Chief Justice John Roberts and Justice Brett Kavanaugh joined all of the majority opinion except its third part, which criticized approaches advanced by Justices Amy Coney Barrett and Sonia Sotomayor in their concurrences.
Criticism From Barrett and Sotomayor
Justice Barrett wrote in a concurrence, joined by Justice Elena Kagan, that while she agreed that the names clause does not violate the First Amendment, she disagreed with some of the majority’s reasoning.“The Court claims that ‘history and tradition’ settle the constitutionality of the names clause, rendering it unnecessary to adopt a standard for gauging whether a content-based trademark registration restriction abridges the right to free speech,” she said. “That is wrong twice over.”
Justice Barrett’s opinion was also partially joined by Justice Sotomayor and Justice Ketanji Brown Jackson.
Both Justice Barrett’s and Justice Sotomayor’s opinions criticized the majority’s focus on history and tradition to resolve the case. Justice Barrett described the majority’s evidence as “loosely related cases” and questioned whether “hunting for historical forebears on a restriction-by-restriction basis is the right way to analyze the constitutional question.”
Justice Sotomayor was also critical, saying the majority had “drawn conclusive inferences from its historical evidence, all without any guidance from the litigants or the court below” and that “in-chambers historical research by nonhistorians raises more questions than answers.”
Fractured Unanimity
The fractured nature of the June 13 decision was similar to the court’s opinions in Trump v. Anderson, which overruled the Colorado Supreme Court’s holding that former President Trump was disqualified from appearing on the state’s ballot.In both cases, Justice Barrett joined the court’s liberal cohort in taking a different approach than the five other conservative justices and authoring her own opinion. Both she and the liberal justices suggested in Trump v. Anderson that the other five went too far in discussing Congress’ role in enforcing Section Three of the 14th Amendment.
Justice Sotomayor’s concurrence on June 13 repeatedly described the court’s opinion as a “five-Justice majority opinion.” Both Justices Barrett and Sotomayor, despite authoring different concurrences, seemed to agree in their criticism of the majority’s approach as well as in the need for a legal standard to evaluate the types of claims brought by Mr. Elster.
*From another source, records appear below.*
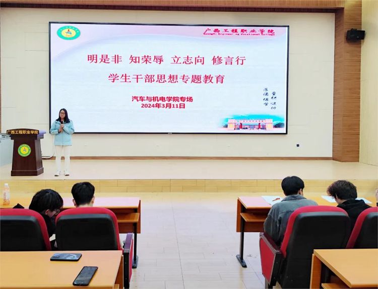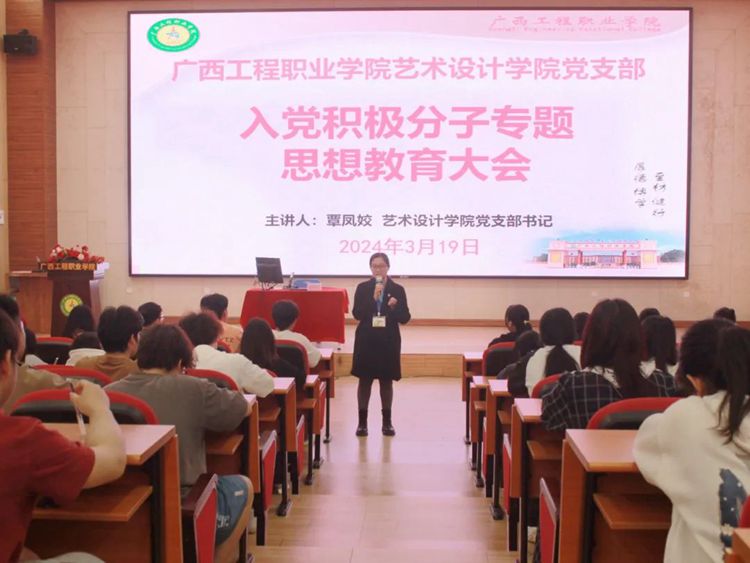 3月19日至21日,藝術(shù)設(shè)計學院開展入黨積極分子專題思想教育、文明禮儀教育和學生公寓安全知識專題教育,分別由藝術(shù)設(shè)計學院黨支部書記、院長覃鳳姣,黨支部副書記趙志輝和藍啟成老師作專題教育。
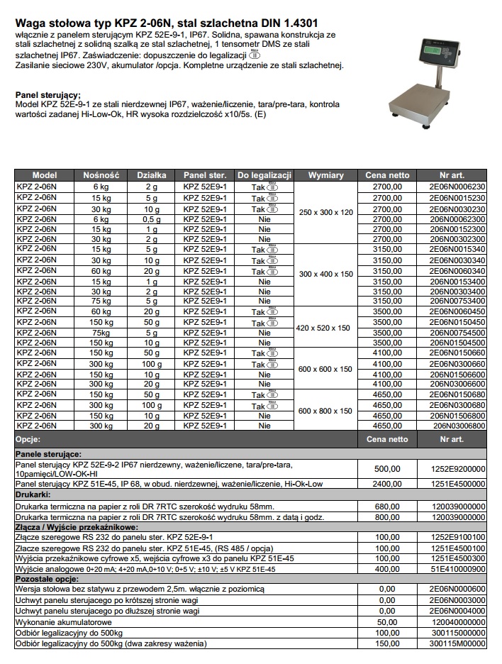 Waga platformowa stołowa KPZ 2-06N stal szlachetna DIN 1.4301
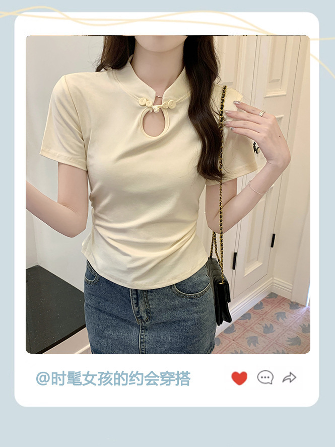 새로운 중국 스타일 할로우 버튼 짧은 소매 탑 여름 새로운 유행 인기 간단한 올 매치 캐주얼 솔리드 컬러 티셔츠스토어 가기
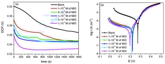 (a) Open circuit potential over time and (b) potentiodynamic polarization curves of copper in 0.1 M HNO3, in the absence and presence of different concentrations of MID.
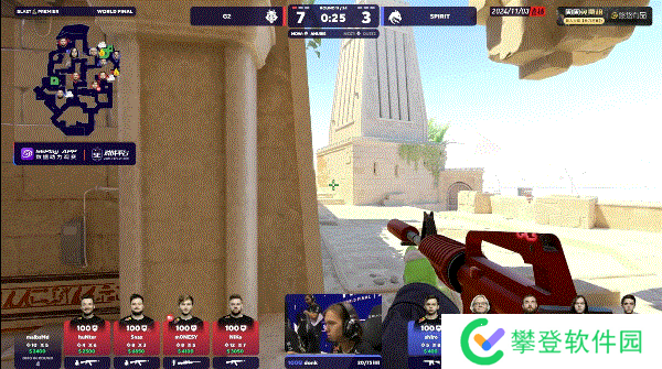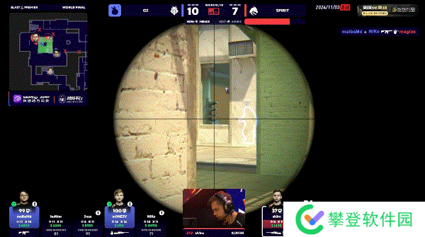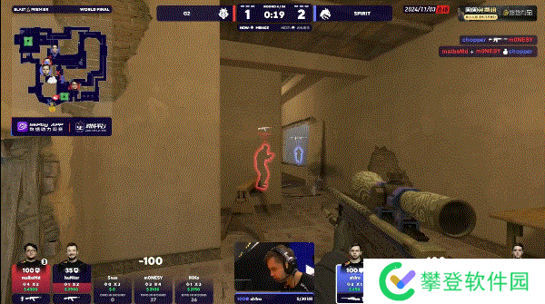 BLAST 世界总决赛 2024 决赛,G2对阵Spirit,前两张图G2发挥非常不错,都是在下半场直接锁住比分拿下胜利。进入图三后G2上半场先做进攻方就拿到8-4领先,换防过后再次收下手枪局,后续虽然被Spirit追上几分,但是状态火热的m0NESY没有给他们任何机会,最终以13-7赢下比赛。
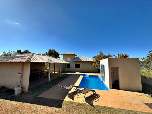 Excelente casa em condomínio fechado próximo ao centro da Serra do Cipó Condomínio com portaria 24 horas, ronda, espaço gourmet e quadra de tênis. Casa com 3 quartos, sendo 1 suíte, sala ampla cozinha e banheiro com pre aquecimento solar. Garagem coberta para 4 veiculos. Piscina aquecida com iluminacao em led, cascata e sauna integrada Espaço gourmet de frente para a piscina com churrasqueira e fogão a lenha Campo gramado para futebol
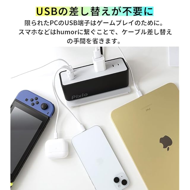 デスク周りをスッキリ!複数のデジタルデバイスを一括チャージできる充電ステーションです。ケーブルだらけでごちゃごちゃしたデスク周りをスッキリ、使いやすく、スタイリッシュに。ゲームプレイに関わらない機器はPCから外して接続することで、毎回差し替える手間が省けます。PCの位置によって発生するケーブルの混線から解放!・USB Type-Cの出力が30W&PD対応になったことで急速充電が可能・底面に滑り止め完備・動画視聴に便利なスタンド機能(スマホの縦・横置き、タブレットの横置き対応)・USB Type-A・USB Type-C・ACコンセントの3種類のポート・デスク上に置いても十分な1.5mの本体コード
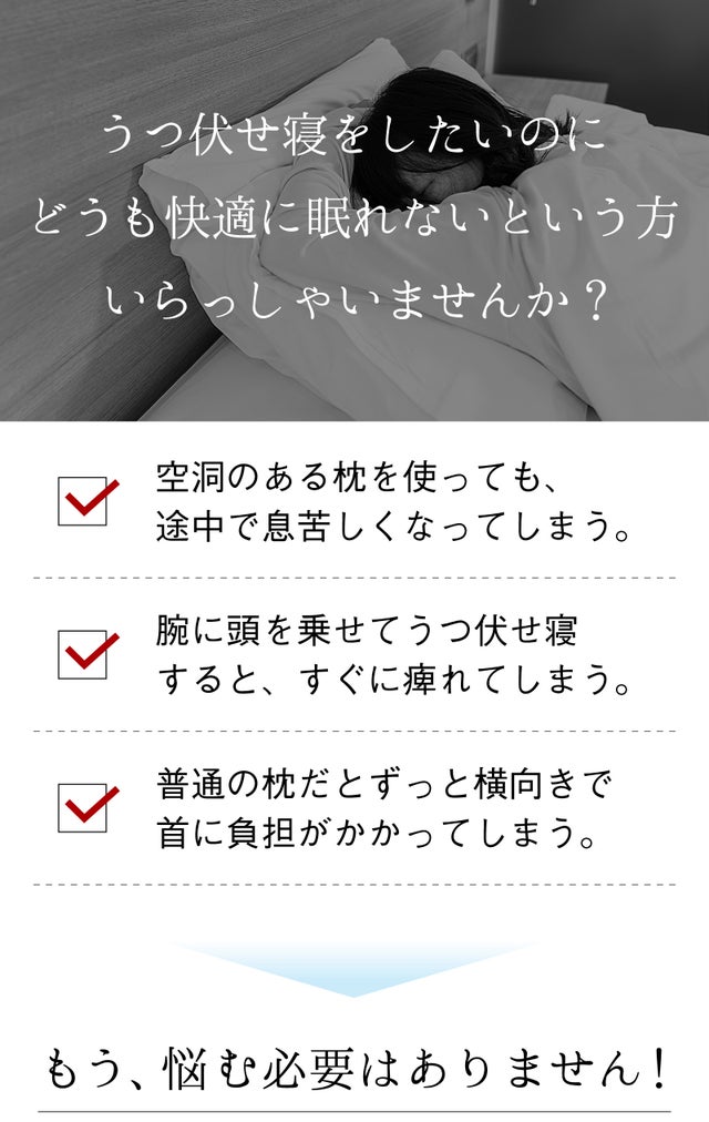 私には以前「うつ伏せ寝」をする必要があったのですが、どんな枕を使っても、寝ているうちに息苦しさを感じてしまい、快適に眠ることができませんでした。
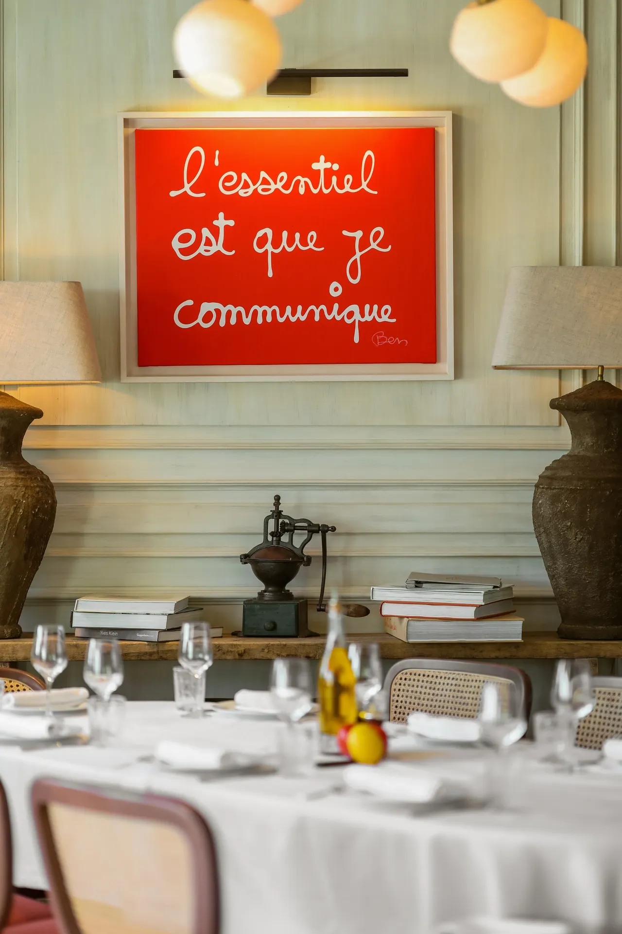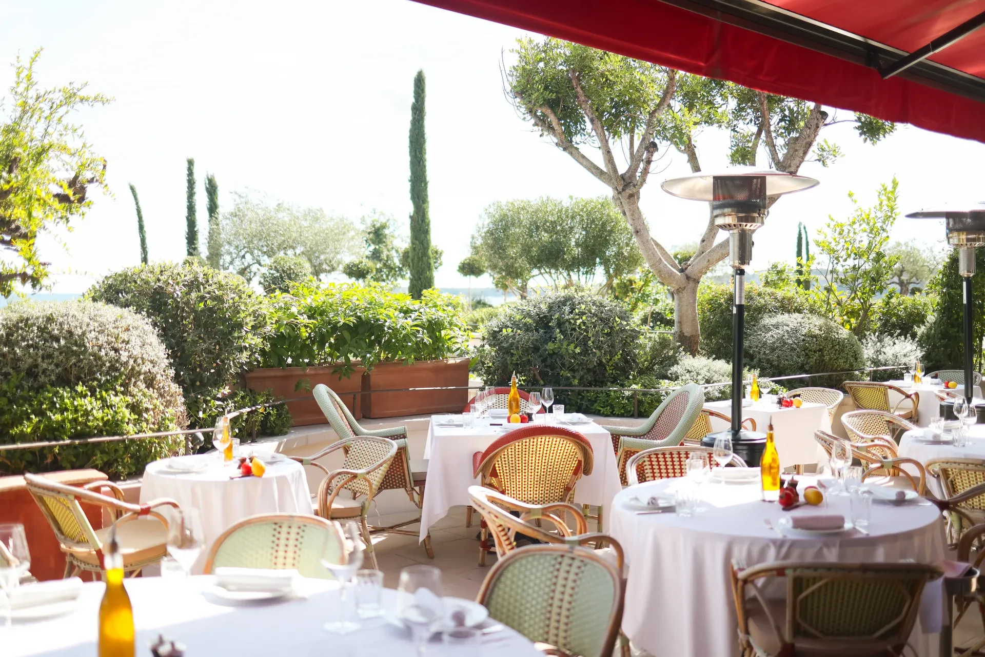 Crafted by the architectural firm Caprini & Pellerin, the design exudes elegance with meticulous attention to detail. From the vibrant jars of peppers and citrus fruits adorning the salad bar, to the ochre mosaic gracing the entrance and the artworks from the École d’art de Nice adorning the walls, every element is in the spirit of an authentic Provencal home. The restaurant opens onto a magnificent terrace bathed in sunlight, with typical regional flora taking center stage amidst a backdrop of the Mediterranean Sea.
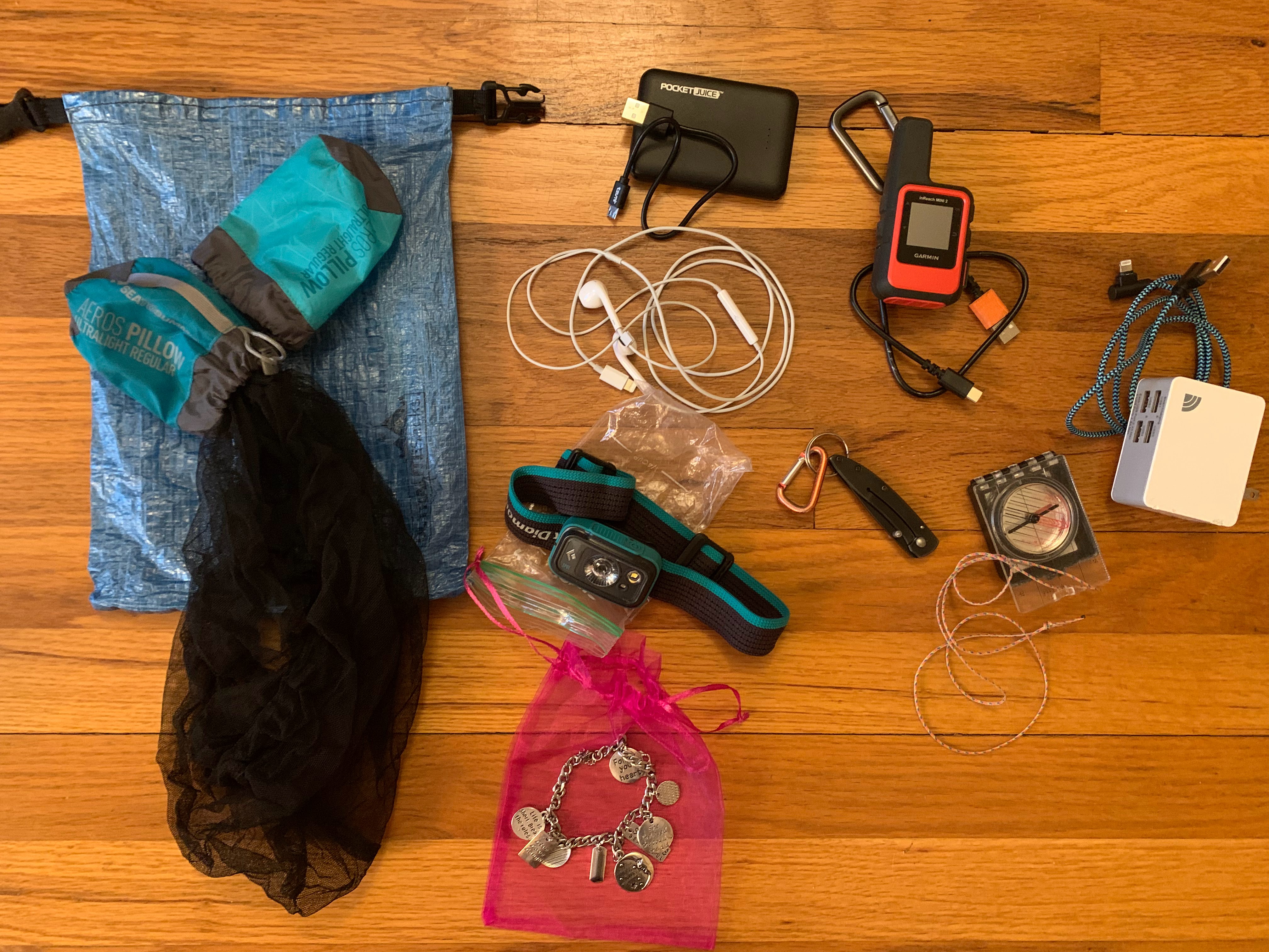 Ellen’s first aid / repair gear includes a small hairbrush with hair ties, strips of Leukotape, a roll of precut K-tape, variety of medicines (Ibuprofen, anti-diarrhea, antihistamine, and Mucinex), variety of Band-Aids, Neosporin, nail clippers, tweezers, toothbrush, toothpaste tables, powered soap, Tiger balm, needle w/thread, air mattress patch kit, and extra AAA batteries. Extra bonus gear, Ellen will also carry a bracelet with motivational charms that she got from her friends.

Justice Sotomayor did not join a portion of Justice Barrett’s concurrence where the latter delved deeper into historical evidence.
Part of the former’s concurrence took issue with how the majority and Justice Barrett focused on history. Their “back-and-forth,” she said, “highlights the indeterminacy of the Court’s history-and-tradition inquiry, which one might aptly describe as the equivalent of entering a crowded cocktail party and looking over everyone’s heads to find your friends.”